WHAT YOU HAVE TO DO >> In the entries below, find the line with "6. Добавьте 1/3" and the line with "Mit dieser niedlichen, gestrickten"; reproduce those two lines and all lines between them exactly, without pictures.

[Opening DATASET CONTENT section]

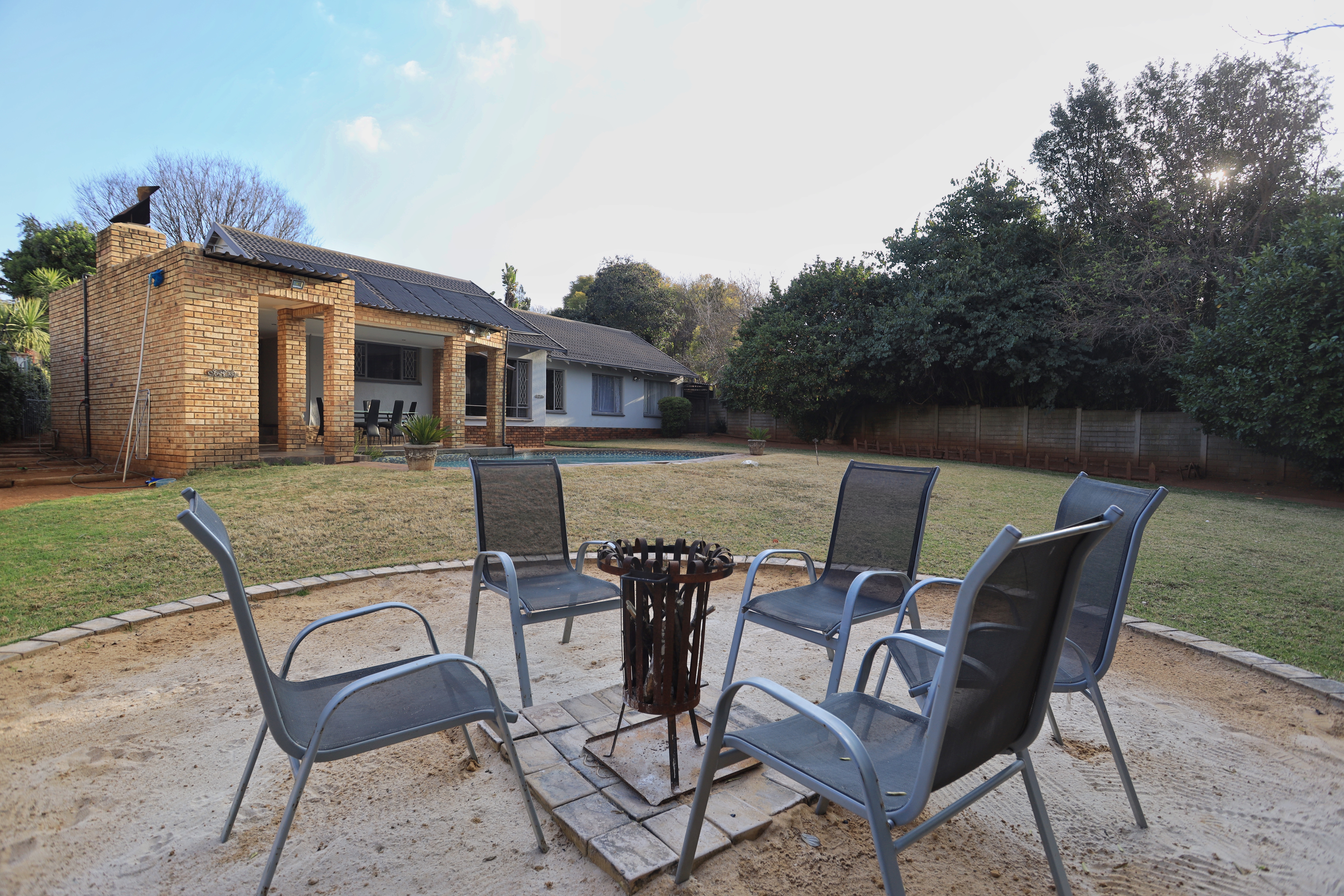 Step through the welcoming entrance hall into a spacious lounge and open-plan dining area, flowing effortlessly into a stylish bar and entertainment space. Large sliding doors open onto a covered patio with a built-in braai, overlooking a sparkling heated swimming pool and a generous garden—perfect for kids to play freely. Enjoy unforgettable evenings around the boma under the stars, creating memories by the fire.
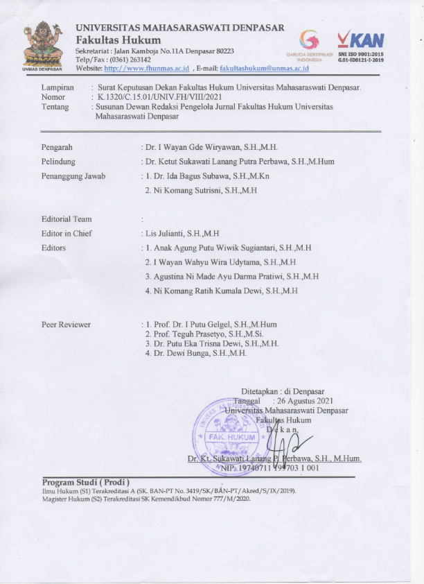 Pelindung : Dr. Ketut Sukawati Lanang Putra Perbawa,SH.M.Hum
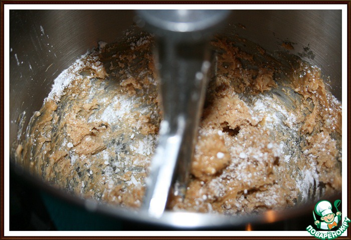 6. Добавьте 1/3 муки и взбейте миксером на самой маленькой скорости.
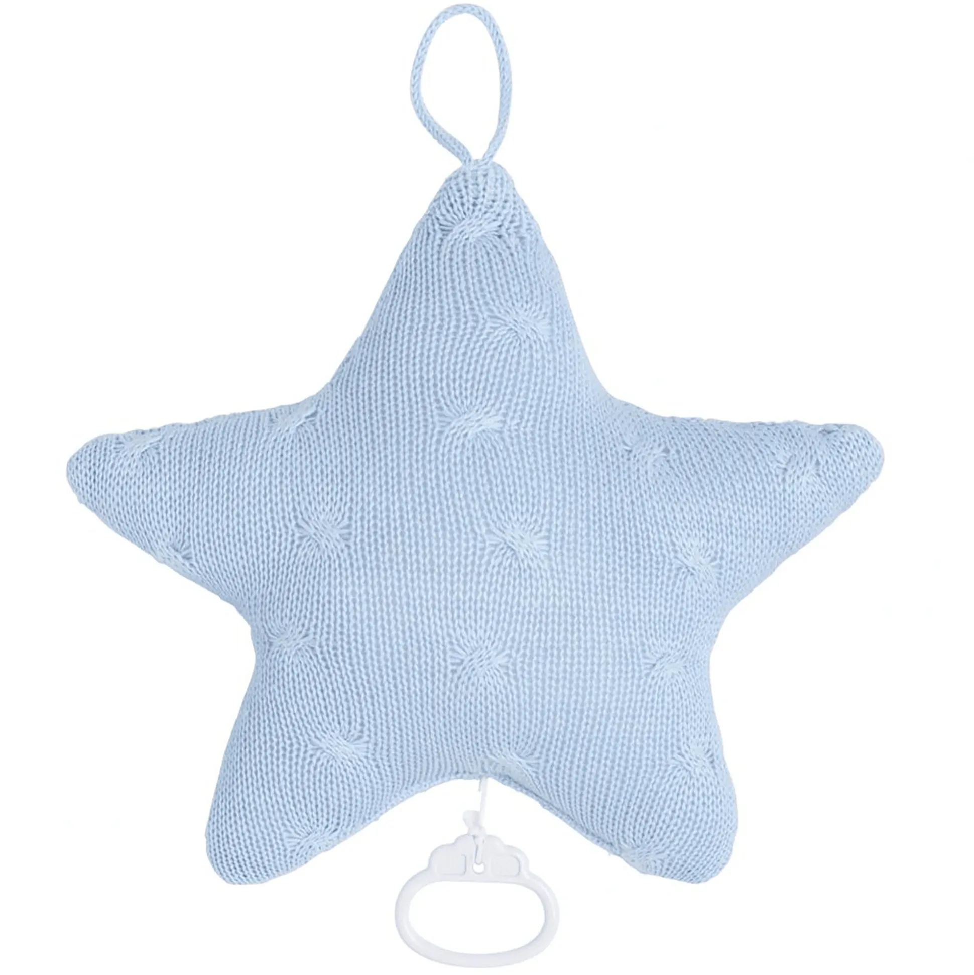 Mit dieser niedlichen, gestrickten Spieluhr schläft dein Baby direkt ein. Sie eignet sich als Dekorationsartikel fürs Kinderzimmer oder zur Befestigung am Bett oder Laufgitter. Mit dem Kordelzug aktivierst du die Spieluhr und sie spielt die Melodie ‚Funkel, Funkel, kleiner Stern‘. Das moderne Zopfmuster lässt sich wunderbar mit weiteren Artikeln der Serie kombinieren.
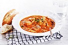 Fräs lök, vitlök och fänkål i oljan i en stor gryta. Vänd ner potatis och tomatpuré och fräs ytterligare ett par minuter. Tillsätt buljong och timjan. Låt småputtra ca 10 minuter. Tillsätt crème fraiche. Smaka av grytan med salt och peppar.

[Closing DATASET CONTENT section]

ANSWER FOR THIS EXERCISE >>
 6. Добавьте 1/3 муки и взбейте миксером на самой маленькой скорости.
 Mit dieser niedlichen, gestrickten Spieluhr schläft dein Baby direkt ein. Sie eignet sich als Dekorationsartikel fürs Kinderzimmer oder zur Befestigung am Bett oder Laufgitter. Mit dem Kordelzug aktivierst du die Spieluhr und sie spielt die Melodie ‚Funkel, Funkel, kleiner Stern‘. Das moderne Zopfmuster lässt sich wunderbar mit weiteren Artikeln der Serie kombinieren.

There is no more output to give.